▶ EXCERPTED DATA
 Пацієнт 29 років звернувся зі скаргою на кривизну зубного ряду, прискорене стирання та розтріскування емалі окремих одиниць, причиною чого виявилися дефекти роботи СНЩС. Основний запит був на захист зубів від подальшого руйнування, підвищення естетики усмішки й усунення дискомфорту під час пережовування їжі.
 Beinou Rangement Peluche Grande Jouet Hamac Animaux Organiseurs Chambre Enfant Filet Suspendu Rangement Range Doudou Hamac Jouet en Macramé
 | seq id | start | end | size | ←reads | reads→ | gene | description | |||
--
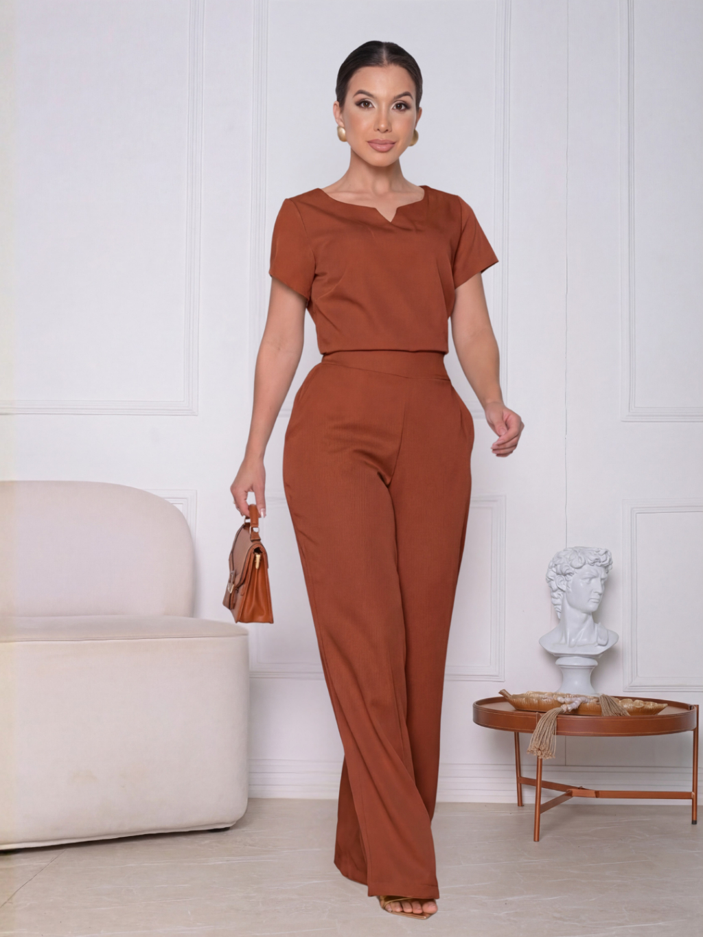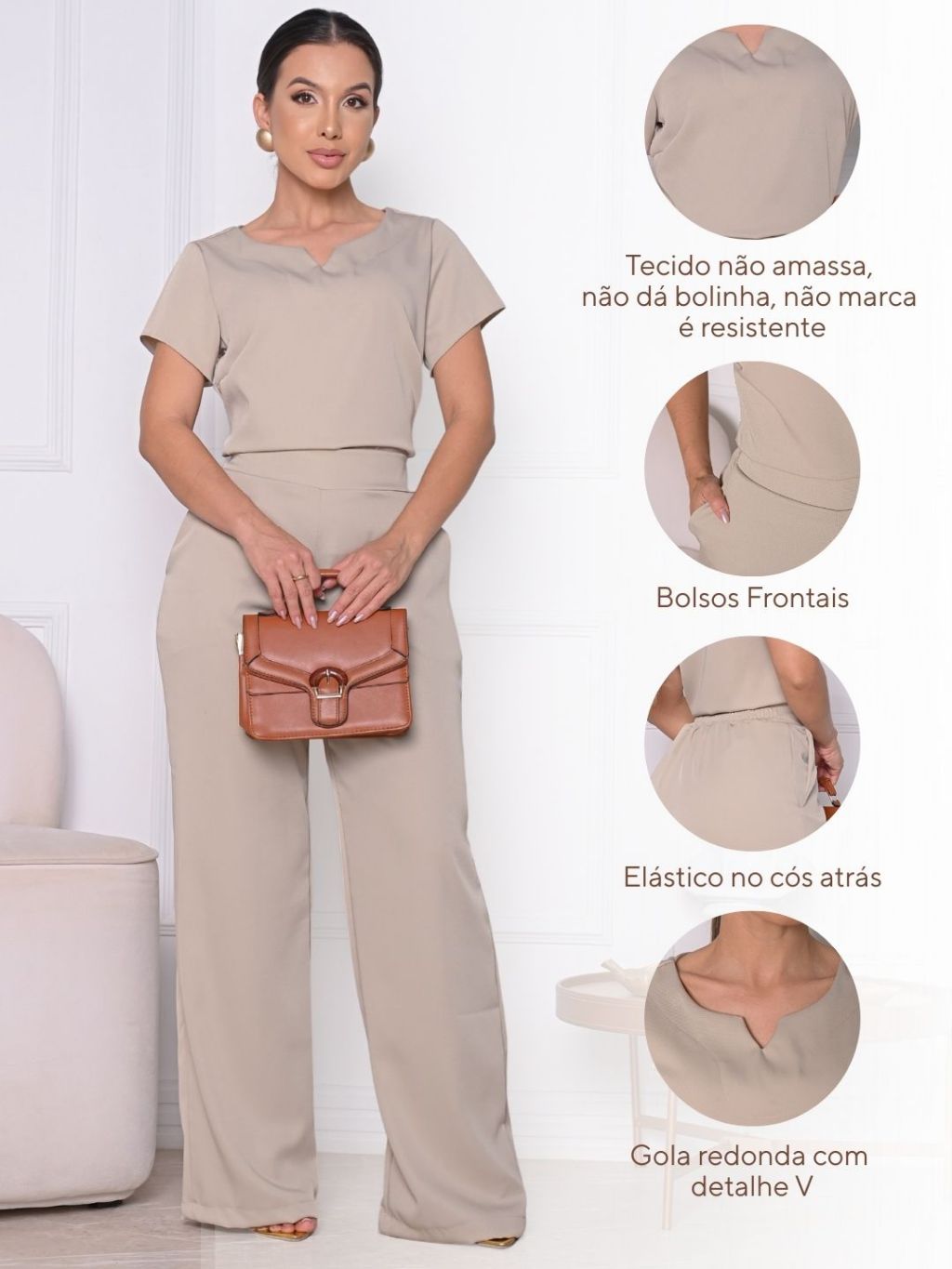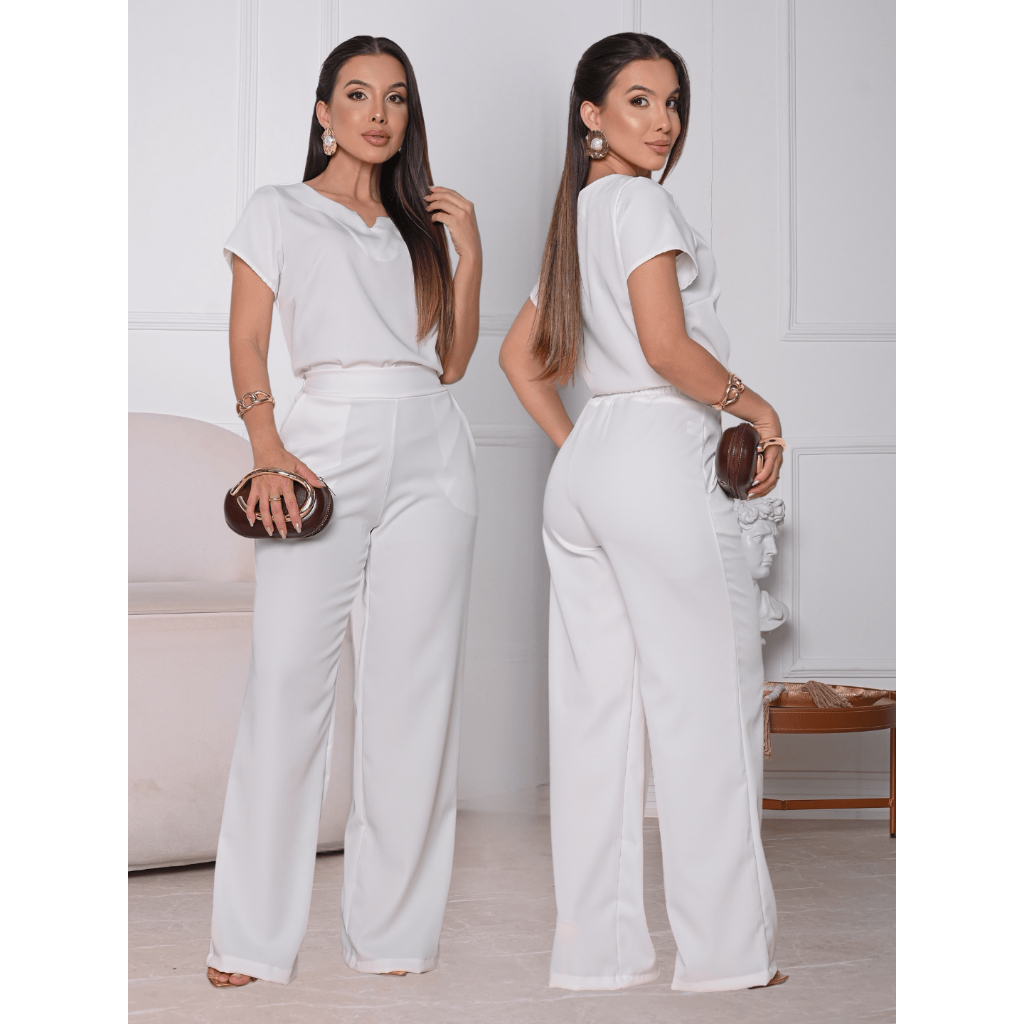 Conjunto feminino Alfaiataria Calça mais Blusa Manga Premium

▶ EXERCISE GOAL
Look above for the line holding "Beinou Rangement Peluche", then set down exactly that line and every line after it up to and including the line holding "description | |||", with nothing else.

▶ EXERCISE ANSWER
 Beinou Rangement Peluche Grande Jouet Hamac Animaux Organiseurs Chambre Enfant Filet Suspendu Rangement Range Doudou Hamac Jouet en Macramé
 | seq id | start | end | size | ←reads | reads→ | gene | description | |||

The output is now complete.